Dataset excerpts
------------------------------

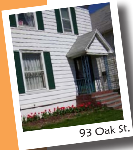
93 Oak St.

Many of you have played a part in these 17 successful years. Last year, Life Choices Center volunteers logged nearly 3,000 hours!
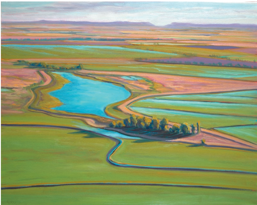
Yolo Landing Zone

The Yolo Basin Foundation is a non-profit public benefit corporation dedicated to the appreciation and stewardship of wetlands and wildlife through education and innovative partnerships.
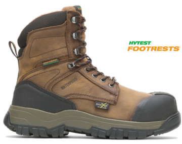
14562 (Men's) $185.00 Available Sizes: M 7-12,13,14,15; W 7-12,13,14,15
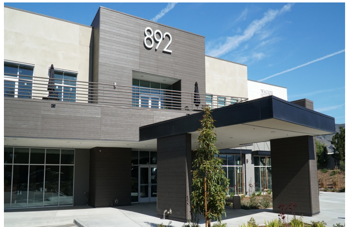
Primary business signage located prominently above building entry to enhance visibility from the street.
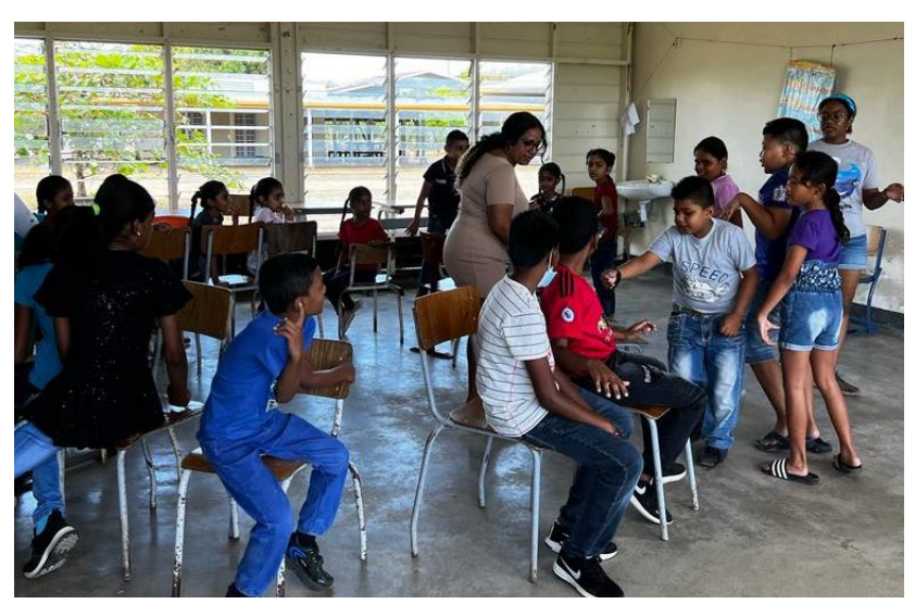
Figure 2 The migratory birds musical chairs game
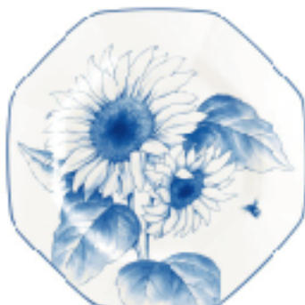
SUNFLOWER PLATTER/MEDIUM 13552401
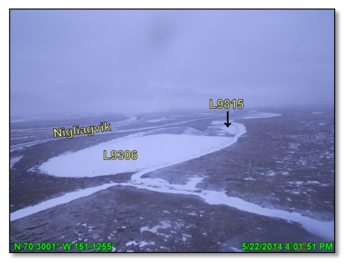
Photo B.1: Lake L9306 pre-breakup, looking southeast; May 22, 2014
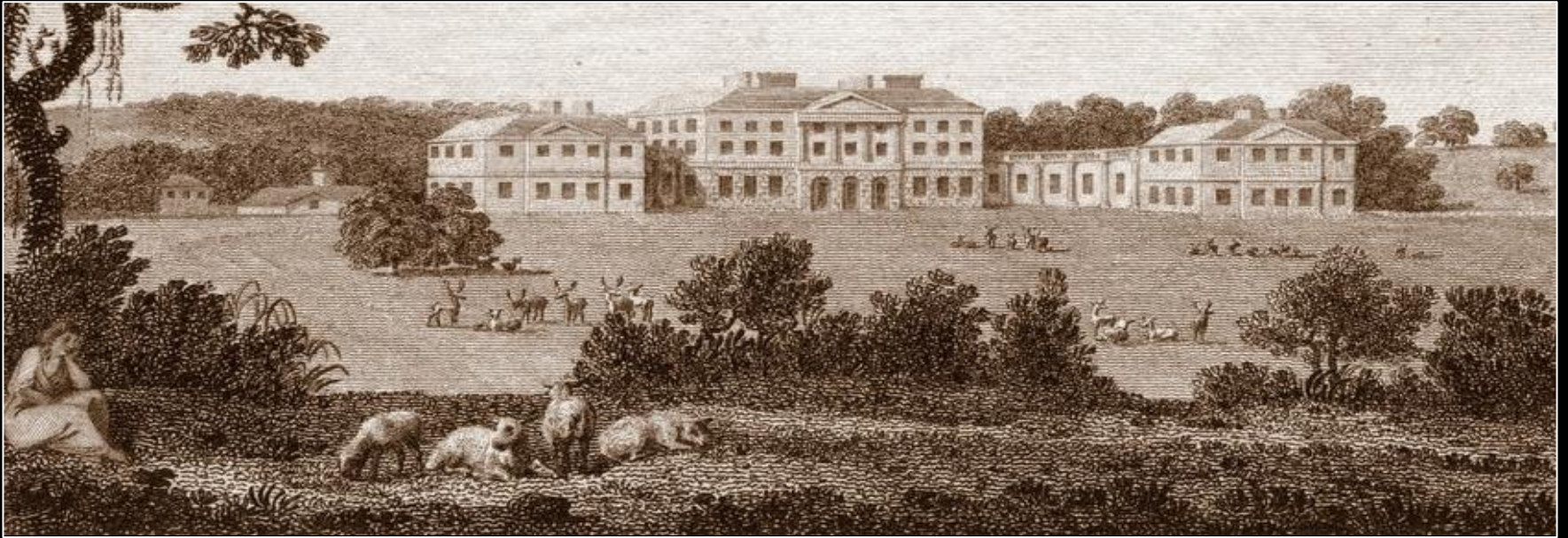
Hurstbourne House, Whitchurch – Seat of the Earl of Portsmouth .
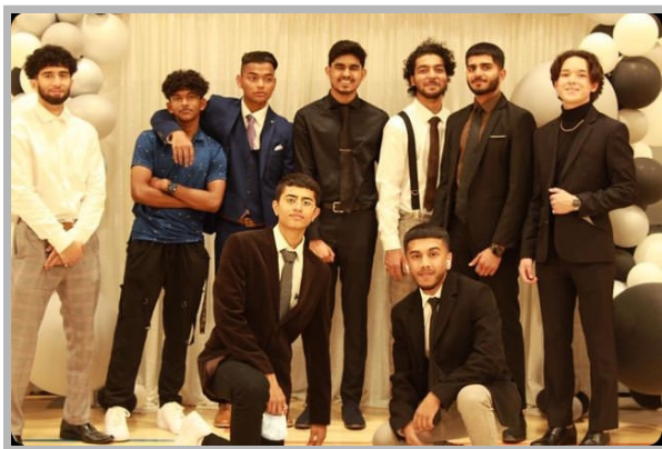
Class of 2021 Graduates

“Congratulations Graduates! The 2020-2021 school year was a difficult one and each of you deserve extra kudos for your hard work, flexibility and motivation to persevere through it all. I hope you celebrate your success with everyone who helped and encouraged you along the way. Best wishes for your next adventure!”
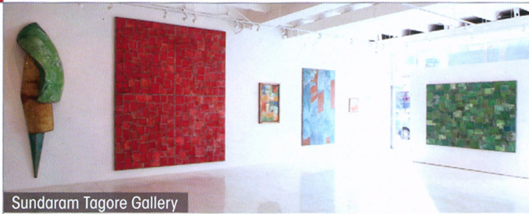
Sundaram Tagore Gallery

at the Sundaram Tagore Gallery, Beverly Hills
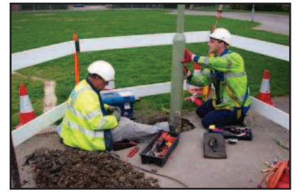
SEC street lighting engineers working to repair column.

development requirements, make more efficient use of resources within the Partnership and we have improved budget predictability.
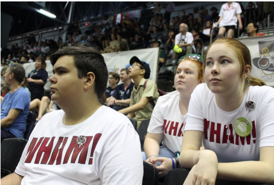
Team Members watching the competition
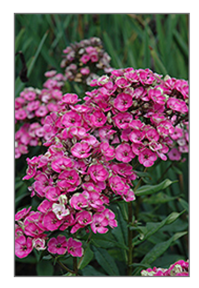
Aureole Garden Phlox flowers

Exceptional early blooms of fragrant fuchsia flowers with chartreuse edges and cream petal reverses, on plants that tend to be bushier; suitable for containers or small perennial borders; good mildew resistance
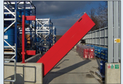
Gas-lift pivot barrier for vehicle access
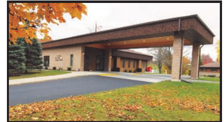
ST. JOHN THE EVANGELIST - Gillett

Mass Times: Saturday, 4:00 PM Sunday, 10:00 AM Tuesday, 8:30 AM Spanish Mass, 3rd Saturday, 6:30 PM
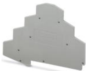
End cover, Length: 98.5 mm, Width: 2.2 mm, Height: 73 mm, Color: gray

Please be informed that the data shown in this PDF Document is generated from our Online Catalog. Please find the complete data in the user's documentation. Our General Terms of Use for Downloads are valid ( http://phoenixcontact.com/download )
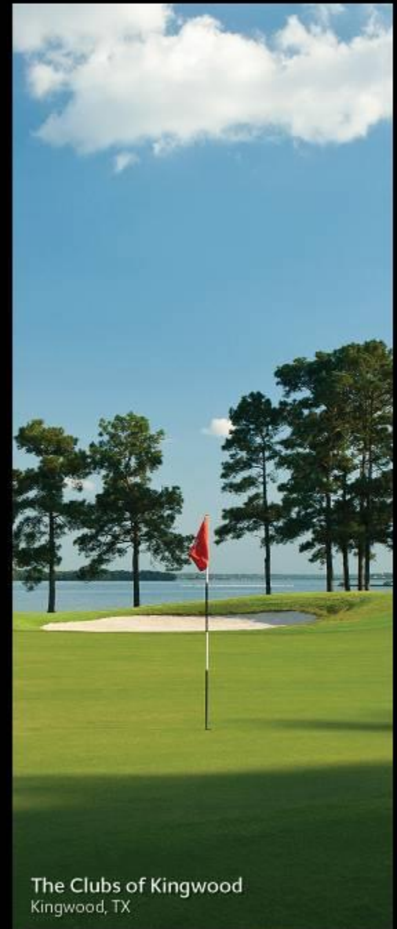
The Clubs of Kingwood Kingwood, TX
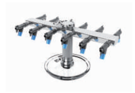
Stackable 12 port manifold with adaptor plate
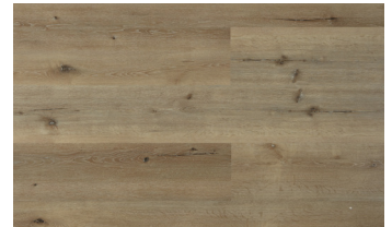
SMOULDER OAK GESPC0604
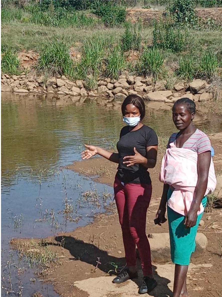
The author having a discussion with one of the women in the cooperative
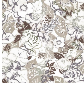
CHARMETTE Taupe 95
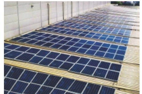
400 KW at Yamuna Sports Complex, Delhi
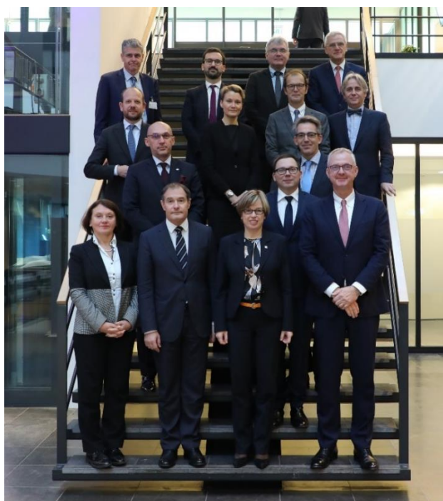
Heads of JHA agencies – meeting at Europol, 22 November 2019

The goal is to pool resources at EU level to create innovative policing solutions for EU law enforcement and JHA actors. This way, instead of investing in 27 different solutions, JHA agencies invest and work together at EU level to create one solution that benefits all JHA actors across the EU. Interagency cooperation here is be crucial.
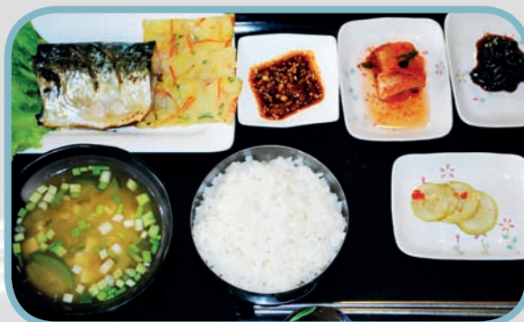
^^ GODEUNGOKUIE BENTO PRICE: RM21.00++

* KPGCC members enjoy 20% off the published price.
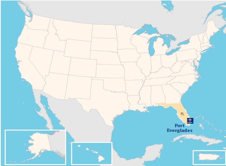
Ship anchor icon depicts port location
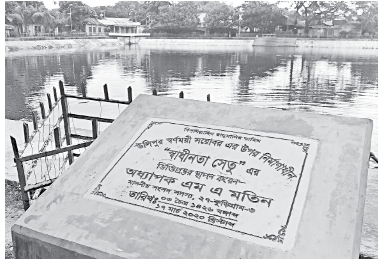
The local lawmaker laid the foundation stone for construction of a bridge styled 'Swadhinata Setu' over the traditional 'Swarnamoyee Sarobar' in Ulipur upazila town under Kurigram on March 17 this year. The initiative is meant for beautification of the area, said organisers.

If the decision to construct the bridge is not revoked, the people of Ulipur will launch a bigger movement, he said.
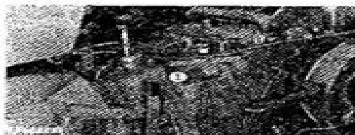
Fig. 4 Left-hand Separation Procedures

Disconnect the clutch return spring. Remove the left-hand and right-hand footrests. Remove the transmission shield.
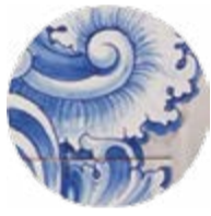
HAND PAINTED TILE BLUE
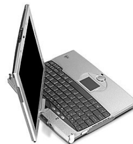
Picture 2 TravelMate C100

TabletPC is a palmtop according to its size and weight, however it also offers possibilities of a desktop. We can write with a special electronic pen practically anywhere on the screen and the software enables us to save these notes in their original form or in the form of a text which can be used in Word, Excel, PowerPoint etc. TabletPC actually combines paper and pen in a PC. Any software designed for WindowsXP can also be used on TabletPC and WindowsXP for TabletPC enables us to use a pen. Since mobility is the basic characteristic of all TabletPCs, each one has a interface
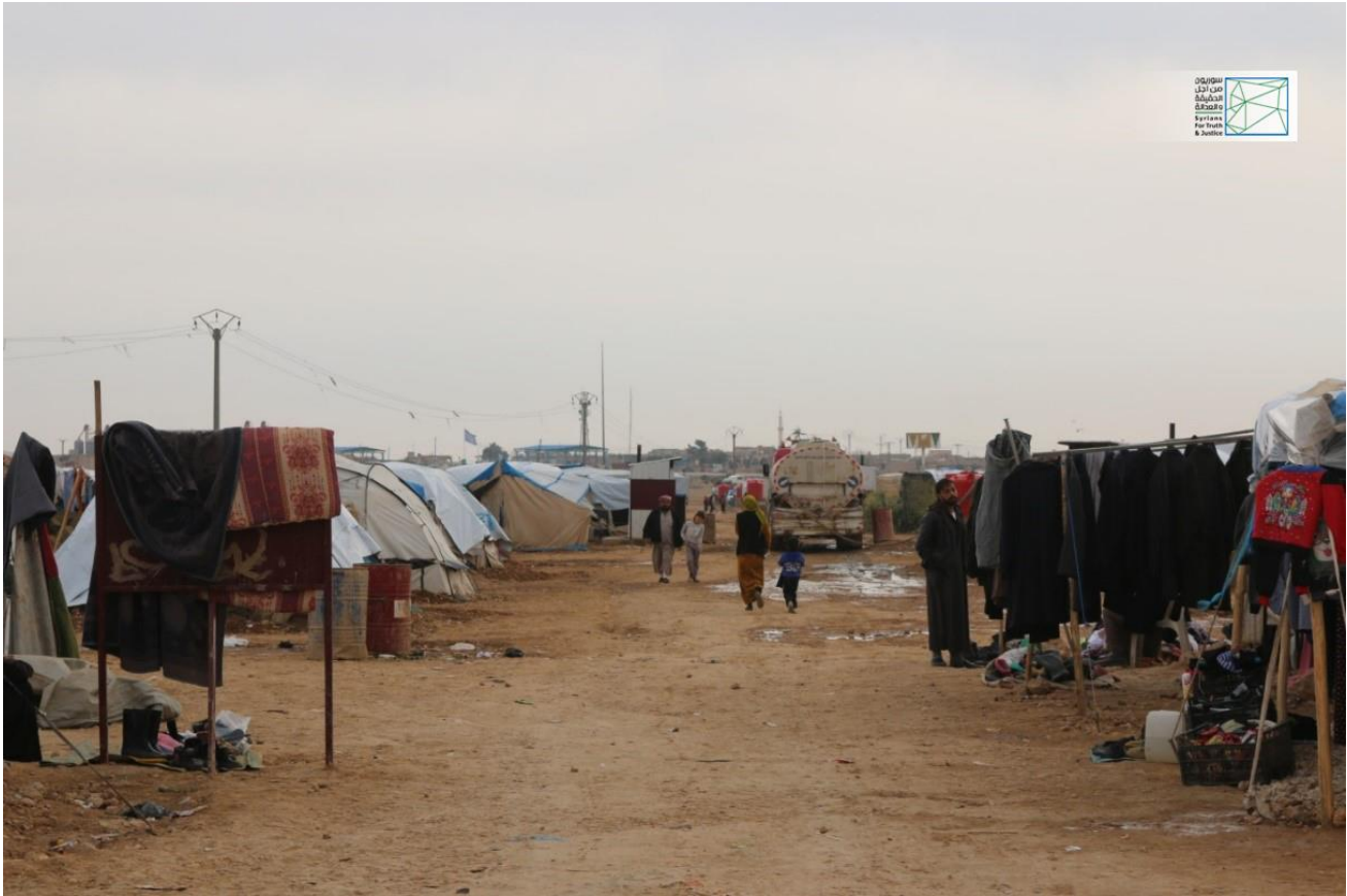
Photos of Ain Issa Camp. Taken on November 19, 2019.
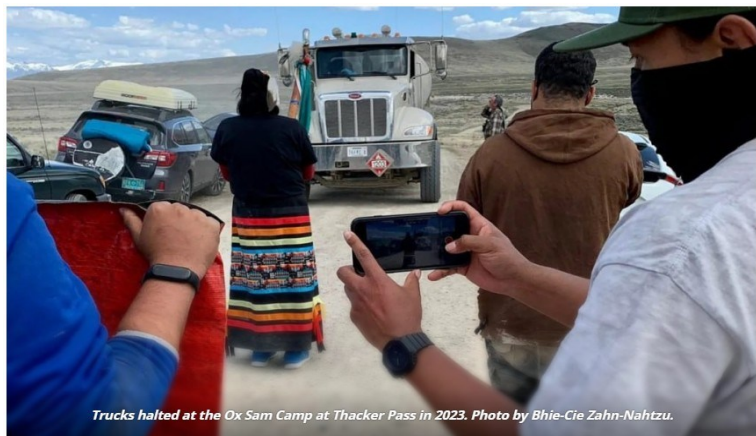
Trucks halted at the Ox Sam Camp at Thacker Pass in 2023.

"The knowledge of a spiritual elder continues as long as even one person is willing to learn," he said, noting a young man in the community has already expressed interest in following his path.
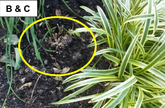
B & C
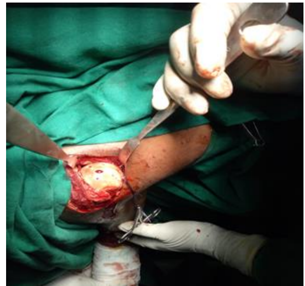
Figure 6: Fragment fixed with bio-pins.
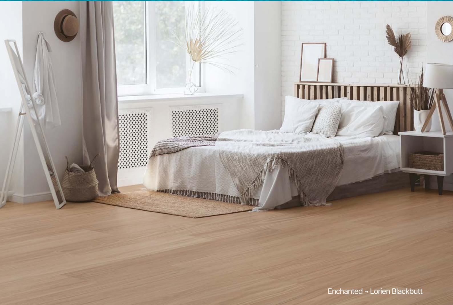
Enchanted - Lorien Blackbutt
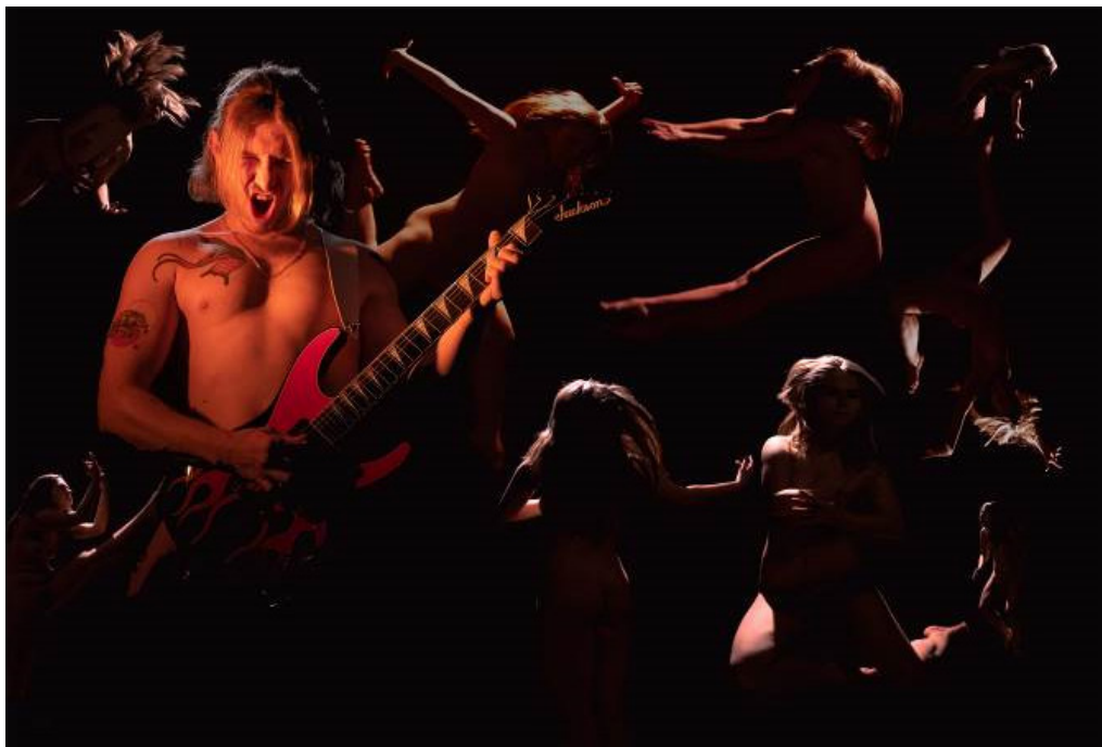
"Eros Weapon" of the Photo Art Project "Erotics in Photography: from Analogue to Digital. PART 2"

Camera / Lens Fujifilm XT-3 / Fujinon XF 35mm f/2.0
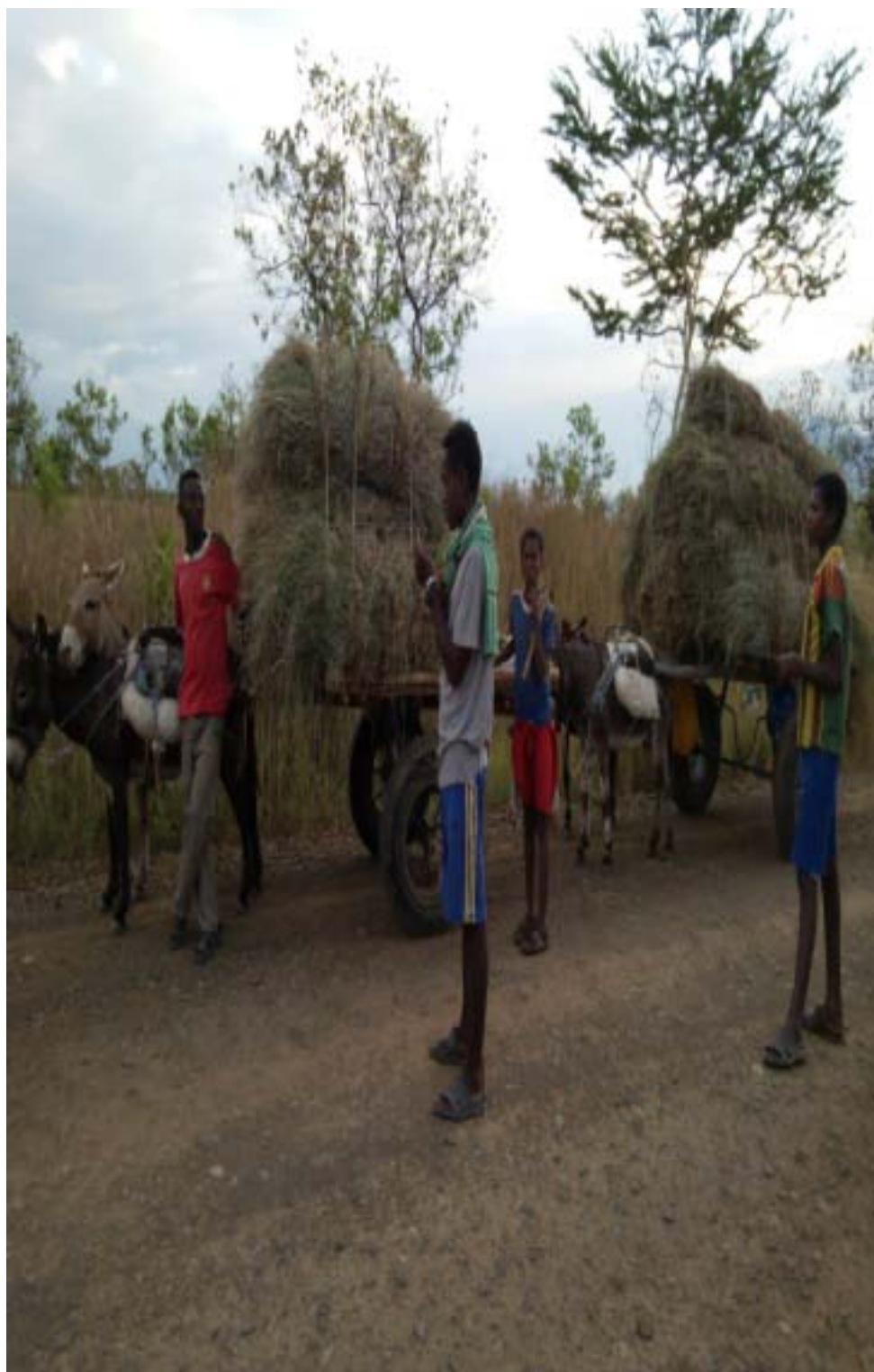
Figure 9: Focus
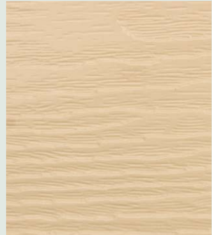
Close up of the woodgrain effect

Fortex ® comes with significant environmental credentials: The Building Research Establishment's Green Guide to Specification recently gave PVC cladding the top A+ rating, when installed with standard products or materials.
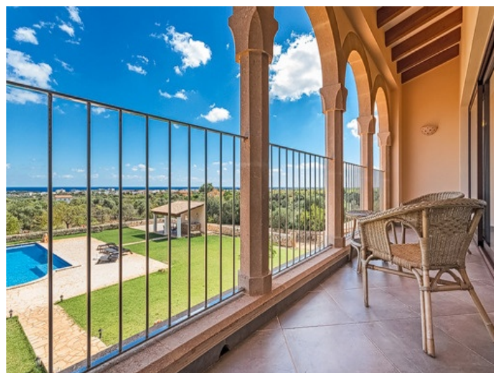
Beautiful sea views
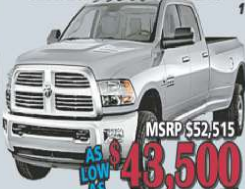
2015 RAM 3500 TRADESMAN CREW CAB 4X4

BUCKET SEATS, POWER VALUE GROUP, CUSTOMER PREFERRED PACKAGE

------------------------------

Please write out exactly, and only, the lines from the beginning of the entries through the line containing "Yolo Landing Zone", including both and skipping all pictures.

**SOLUTION TO THE PROBLEM**
93 Oak St.

Many of you have played a part in these 17 successful years. Last year, Life Choices Center volunteers logged nearly 3,000 hours!
Yolo Landing Zone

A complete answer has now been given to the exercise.